Conanicus was doing well. Exactly when he flew across the Chesapeake Bay is not clear. However, the next fix found him in North Carolina, just south of Currituck, around midday on Sept. 21. He then crossed Albemarle Sound, and three hours later was fast approaching Pamlico Sound.

He settled down for the night near Swanquarter, N.C., on the shores of Pamlico Sound. This inlet on the Atlantic Ocean lies between the eastern coast of North Carolina and a row of low sandy barrier islands where fish, oysters, and wildlife abound. Young Conanicus had now flown 538 miles.

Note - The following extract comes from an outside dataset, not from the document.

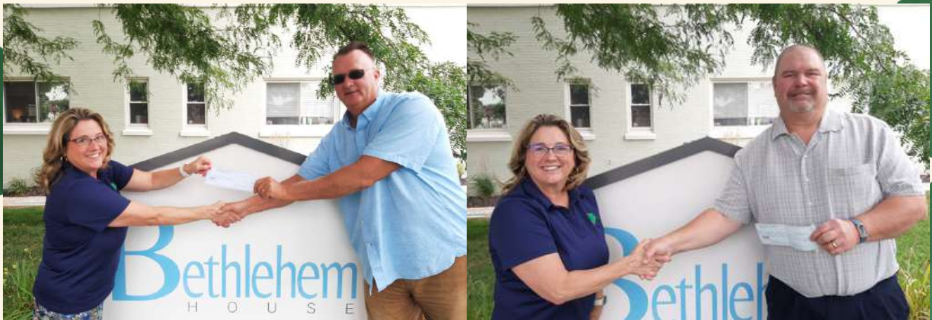
Division Bethlehem House Donation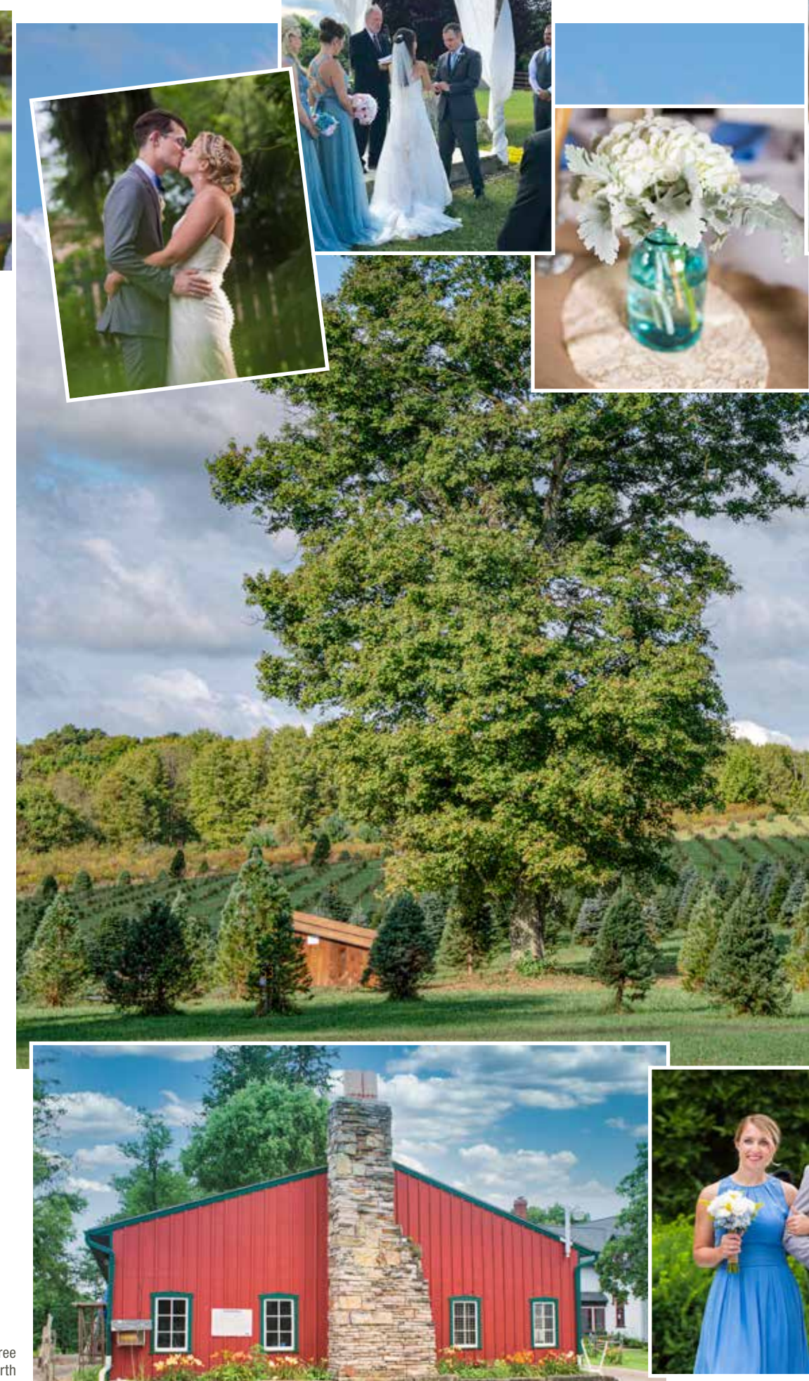
The Christmas Tree Barn looking north

Heritage Farms can arrange catering for your convenience. Our caterers take pride in serving the quality foods you expect, whether for your rehearsal dinner, reception or both. We also offer the option to have full bar service for both your rehearsal and reception dinners. Full bar service with bar tender may include your own selection of non-alcoholic beverages, wines, mixed drinks and beer if you desire.

On Sept. 22, he winged his way down the coast for 107 miles to roost about midway between Baldhead Island and Cape Lookout, a perfect place for a migrating osprey. Bald Head Island’s spectacular range of environments include 14 miles of ocean beach, 10,000 acres of protected salt marsh and tidal creeks, and a vast maritime forest preserve.

Point Lookout State Park is on a peninsula at the southern tip of Maryland in St. Mary’s County. It displays a beautiful water view where the Chesapeake Bay and Potomac River meet.

Most birds cut the corner from Baldhead as they fly down the coast. Then they continue to Florida over the Atlantic. Although he seemed to be in a hurry, Conanicus did not take the over-water route from North Carolina to Florida, but hugged the coast. He had now flown 663 miles.

On Sept. 23, he moved another 164 miles and spent the night a bit south of Lake Moultrie, S.C., a wildlife sanctuary and bird hatchery fed by the Congaree and Wateree rivers. The lake narrows into a riverlike waterway lined by small coves fed by creeks and springs as it winds its way into the Atlantic Ocean — luxurious accommodations for a traveling osprey.

Just after 9 a.m., Conanicus was still near this roost site. By 2:40 p.m., he was tracked moving southwest down the coast, just across the border into Georgia. This was the last fix for the day, so where he spent the night is not known. But on Sept. 25, around 2 p.m., he was in Florida, a bit west of the St. Johns River. This is a favorite stop for migrating ospreys. He settled down near Ocala, west of Lake George. He had now flown 1,112 miles in nine days.

Conanicus then pushed south over Florida, crossed the warm waters of the Florida Straits and on to Cuba. He was first located over Cuba on Sept. 29. He flew south until he reached the Cienaga Zapata (Zapata Swamp), where he settled down. The swamp is an immense wetland that is apparently a prime osprey habitat.

Conanicus seems to have found the Zapata swamps in Cuba much to his liking, for he has been in the area for well over a month. A Cuban ornithologist, Freddy Santana, and his students have been monitoring the osprey migration for years in this area of southeastern Cuba, near Santiago, where Conanicus is wintering. Their record count for one day was 606 ospreys. Young Conanicus can make many new friends during his stay.

Where he will go next is difficult to say. He will not return to the Jamestown nest for two seasons. It is possible that he will winter in Cuba and head to Central or South America in the spring. However, this is not a certainty. Wherever he goes, it will be a great adventure. And when he returns to Jamestown and the home nest, he will have an exciting story to tell.